4.14 Interactive Final Assessment Quiz

Each correct answer gives +1 mark.
Each wrong answer gives -0.5 mark.

Instructions: Select the correct answer for each question and click Submit Assessment.

1. Which library is mainly used for numerical computing?

NumPy Photoshop Word Paint

2. Which library is commonly used for DataFrames?

Pandas Matplotlib Seaborn HTML

3. Which library is used to create basic charts in Python?

Matplotlib Notepad Excel only CSS

4. Seaborn is useful for statistical visualization.

True False

5. Scikit-learn is used for Machine Learning workflows.

True False

6. Which function is commonly used to split data into training and testing sets?

train_test_split print_split chart_split html_split

7. Pandas can read and analyze tabular data.

True False

8. Matplotlib and Seaborn can support data visualization.

True False

9. Data should be cleaned before visualization and model training.

True False

10. Which library is commonly used to train ML models?

Scikit-learn Paint Calculator Browser history

Your Score: 0

4.15 Chapter Summary

In this chapter, learners studied key Python libraries for Data Science and Machine Learning.

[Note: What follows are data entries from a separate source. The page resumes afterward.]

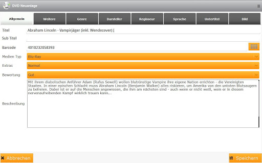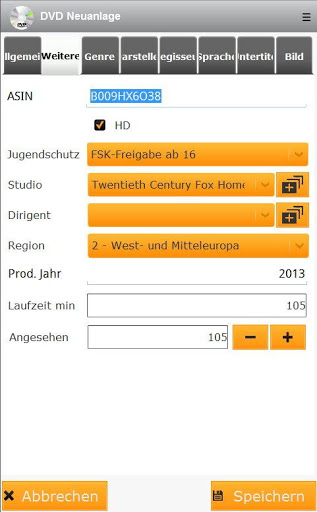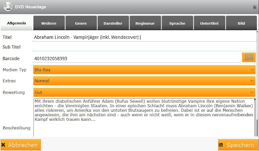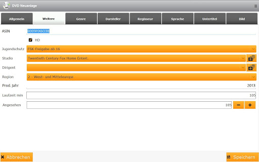 • Enhanced search function, also genre, type (DVD or Blue Ray), Extras (metal, aso.) and the supported languages of the DVD or Blu-Ray.
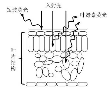 经光照射后,植物的不同组织会吸收不同波段的光,因此植物能在不同波段发射出荧光,如图2。激发光主要有以4个波段: 蓝(波长435-480 nm),被类胡萝卜素和叶绿素吸收,并释放出较高量子效率,可以激发叶片表皮及更深处组织的叶绿素荧光;红光(波长 640-780 nm),只能被叶绿素吸收,因而相比蓝光还能被类胡萝卜素吸收,该波段光的吸收范围较窄,能激发远红波段的叶绿素荧光;绿光(波长 500 ~ 560 nm),被叶绿素吸收,但是吸收量很小,因而相比蓝、红光,绿光可以到达叶片的深度最大,能激发叶绿素荧光;紫外光(280 ~315 nm)既能激发叶绿素荧光,还能激发短波荧光。
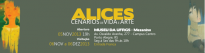 A frente, em fundo verde, apresenta na área superior central o nome da exposição “ALICES” em amarelo, acima de “CENÁRIOS de VIDA e ARTE”. Na área central, posicionado à esquerda, “Abertura” na cor branca, acima de “05” em amarelo, “NOV” na cor branca, “2013” na cor amarela, “19h” na cor branca. Abaixo, na cor branca, “Visitação”, acima de “06” em amarelo, “NOV” na cor branca, “a 06” em amarelo, “DEZ” na cor branca, “2013” na cor amarela. Ao lado, na área central direita, “MUSEU DA UFRGS – Mezanino” na cor branca, acima de “Av. Osvaldo Aranha, 277 - Campus Centro”, acima de “Porto Alegre, RS”, acima de “Seg à Sex das 9h às 18h”, acima de “Entrada Franca” em amarelo. Ao lado esquerdo da imagem, uma obra de Alice Soares legendada como “SOARES, Alice: Menina – Obra inacabada”. Ao lado direito, uma obra de Alice Brueggemann, legendada como “BRUEGGEMANN, Alice: Óleo sobre tela”.
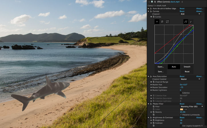 To make a convincing composite, the shark will need some color correction to help match the background. Select the shark.mp4 layer in the Timeline and choose Effect > Color Correction. For this footage, a number of different effect layers are needed to correct the footage.
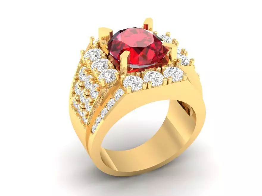 This 3D model represents a luxury statement men’s ring featuring a large central gemstone surrounded by multiple rows of sparkling diamonds. The bold and powerful design makes it an ideal men’s jewelry piece for those who prefer eye-catching and elegant rings.
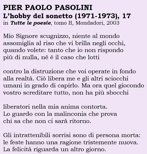«L’hobby del sonetto» è una raccolta di 112 sonetti che però va letta come un vero e proprio poema: poema di disperazione e di lutto, scritto fra il 1971 e il 1973, quando Pasolini – “pazzo di dolore”, come scrisse in una lettera a Paolo Volponi, per l’intenzione di sposarsi che Ninetto Davoli (qui sempre chiamato “mio Signore”) gli aveva dichiarato – si trovò ad attraversare una profondissima crisi: “Ho perso il senso della vita. Penso soltanto a morire o cose simili. Tutto mi è crollato intorno”.
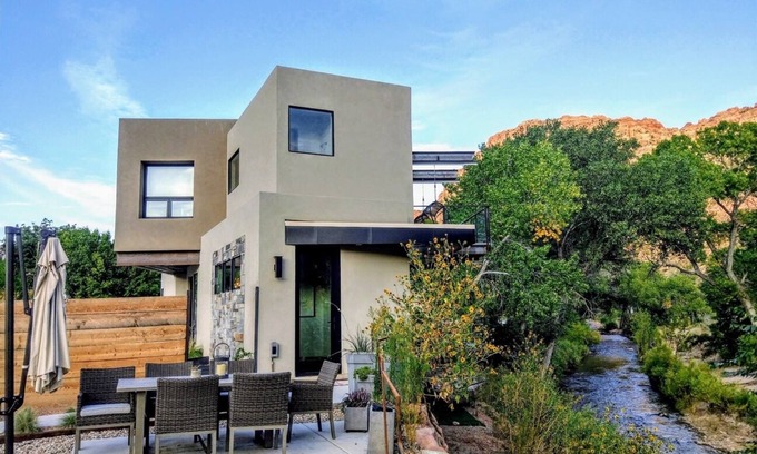 Perfect for family vacations, friend trips. Decks cantilevered over the Virgin River. 3-D video link at. https://my.matterport.com/show/?m=oHDHhNNWGqA Shuttle stop next door Approximately 3 miles from main entrance to Zion National Park. Each unit has laundry, full kitchen and amazing views. Top level, Observation Point has panoramic views of park, 2 story deck with hanging chairs from steel beams, two twin sized hanging beds, 2 bathrooms, 2 bedrooms, family room and dining area. Main level, Riverwalk, has large cantilevered deck, fireplace, 2 bedrooms (One has sliding doors to deck) and queen sofa sleeper. Lower level (Cannot be rented separately and is only included when the full building is rented) has 2 bedrooms 1 bath and sofa sleeper. Two separate patio areas with Bullfrog spas and barbeques. Feather bed toppers, high quality linens. Perfect location on Springdales shuttle route. You can park your car and not have to drive during your visit to Zion National Park. Walking distance to restaurants and shops. Backs onto Virgin River and park with great hiking trails. Unique architecture takes advantage of stunning views. Separate units afford privacy while still being together in one location. The town of Springdale is located at the main entrance of the park with a quaint charm and great selection of restaurants and art galleries.
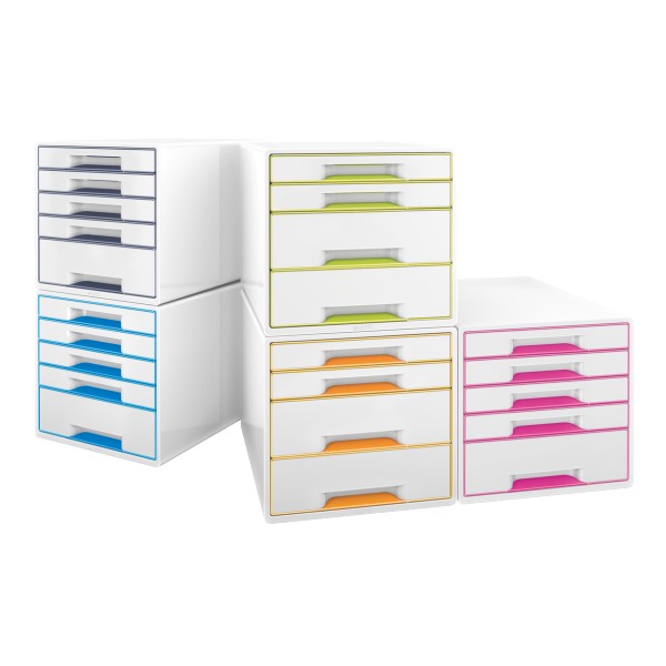 Przykuwające wzrok, najwyższej jakości pojemniki z szufladami WOW z niezwykłym i stylowym połączniem dwóch kolorów o błyszczącym wykończeniu. Wytrzymały pojemnik z szufladami doskonale pasuje do pozostałych produktów z kolekcji Leitz WOW.
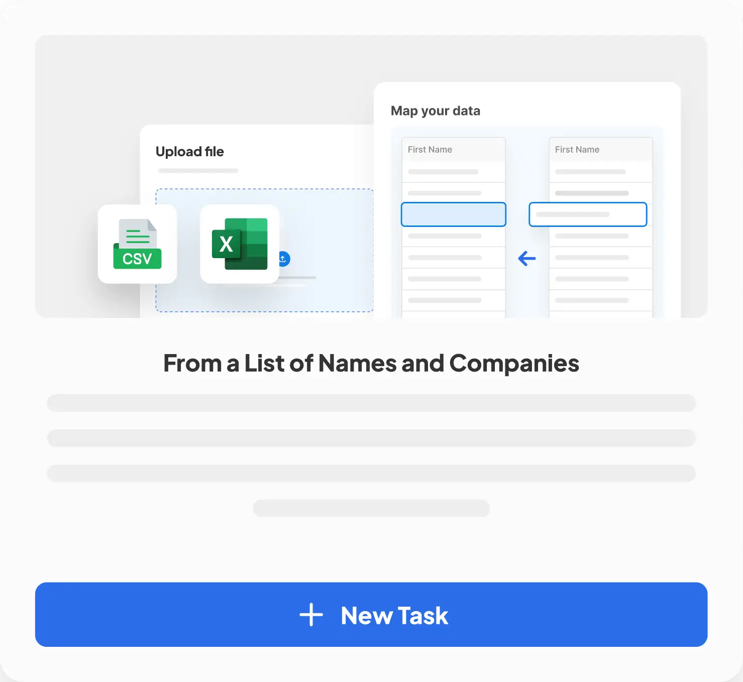 Turn lead lists from your CRM, events, or exports into verified, enriched data. Upload names or domains — no special formatting needed.

They learned how NumPy supports numerical computing, Pandas supports data analysis, Matplotlib and Seaborn support visualization, and Scikit-learn supports Machine Learning workflows.

Remember: A successful Data Science and ML workflow combines data cleaning, analysis, visualization and model preparation. These libraries work together to help learners perform data analysis and visualization effectively.